Hello,
I am currently working with data from 16 HTA 2.0 microarrays which I have normalized using RMA using the following commands in R:
# create and verify a list of the celfiles before processing celFiles<-list.celfiles()
# read in celfiles and verify rawData<-read.celfiles(celFiles)
# for genes, can only pull core probeset summaries, for exons, can pull core, full, or extended eset<-rma(rawData, target='core')
# connect annotation file to data set con = db(pd.hta.2.0)
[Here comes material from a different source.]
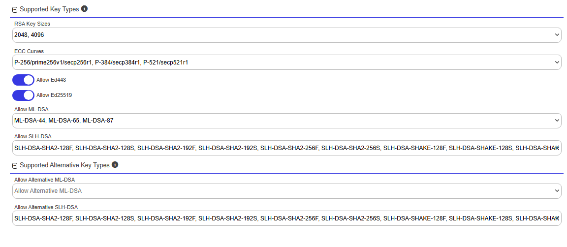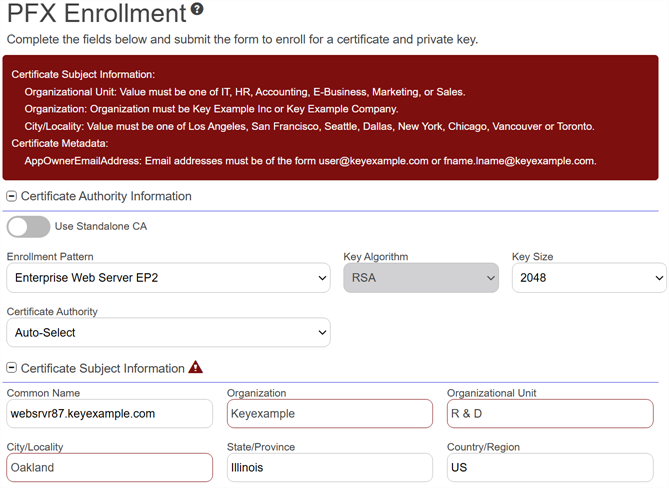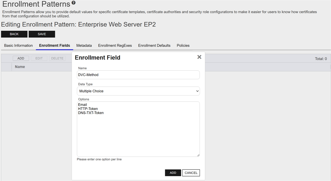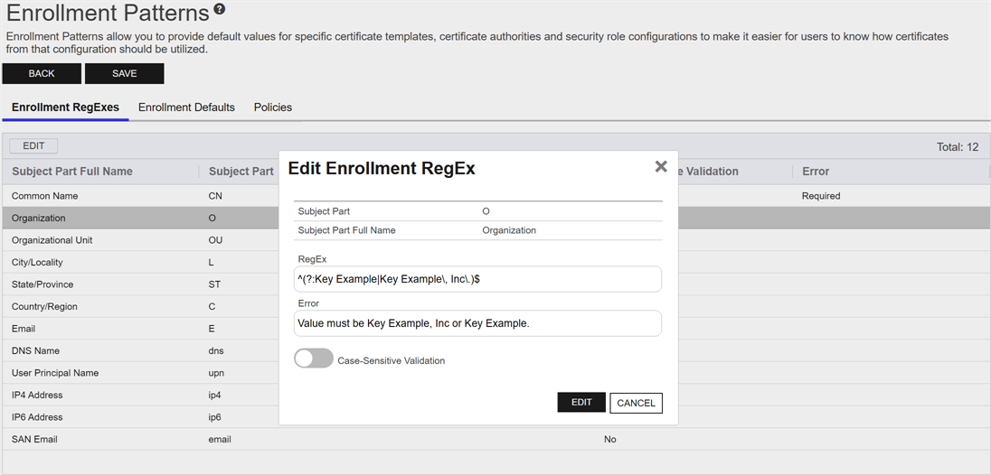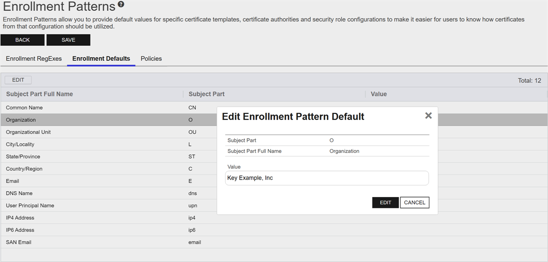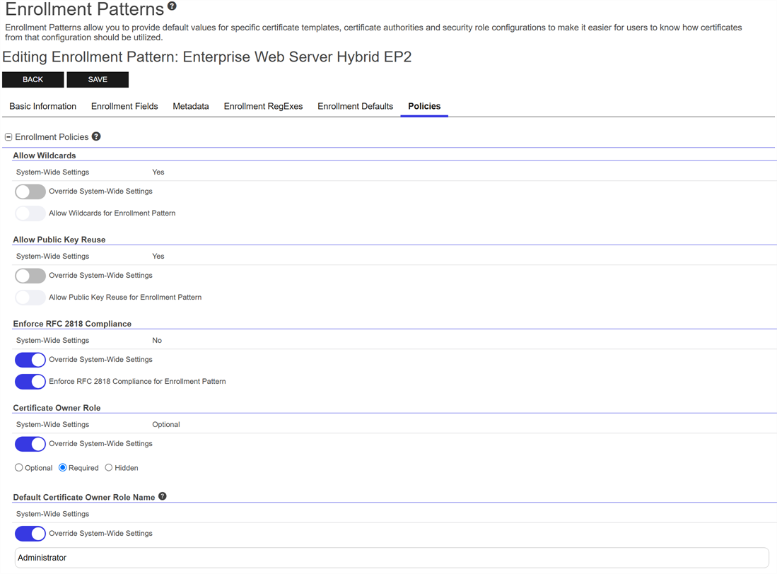 EnrollmentClosed Certificate enrollment refers to the process by which a user requests a digital certificate. The user must submit the request to a certificate authority (CA). patterns in Keyfactor Command provide a flexible way to streamline certificate enrollment by defining default values, policies, and access configurations for specific certificate templates and certificate authorities. This functionality helps reduce duplication of templates at the CAClosed A certificate authority (CA) is an entity that issues digital certificates. Within Keyfactor Command, a CA may be a Microsoft CA or a Keyfactor gateway to a cloud-based or remote CA. level while meeting diverse business requirements. On this page, you can manage enrollment patterns by adding, editing, and deleting them, configuring system-wide settings, and copying existing patterns to create new ones. These operations ensure enrollment processes are tailored to user groups, enforce security policies, and simplify certificate management.

#list the types of probesets in the dataset dbGetQuery(con, "select * from type_dict;")
When I proceed to filtering, I am running into difficulty. I am doing the following:
antig <- dbGetQuery(con, "select core_mps.meta_fsetid from core_mps inner join featureSet on core_mps.fsetid=featureSet.man_fsetid where featureSet.type = '2';")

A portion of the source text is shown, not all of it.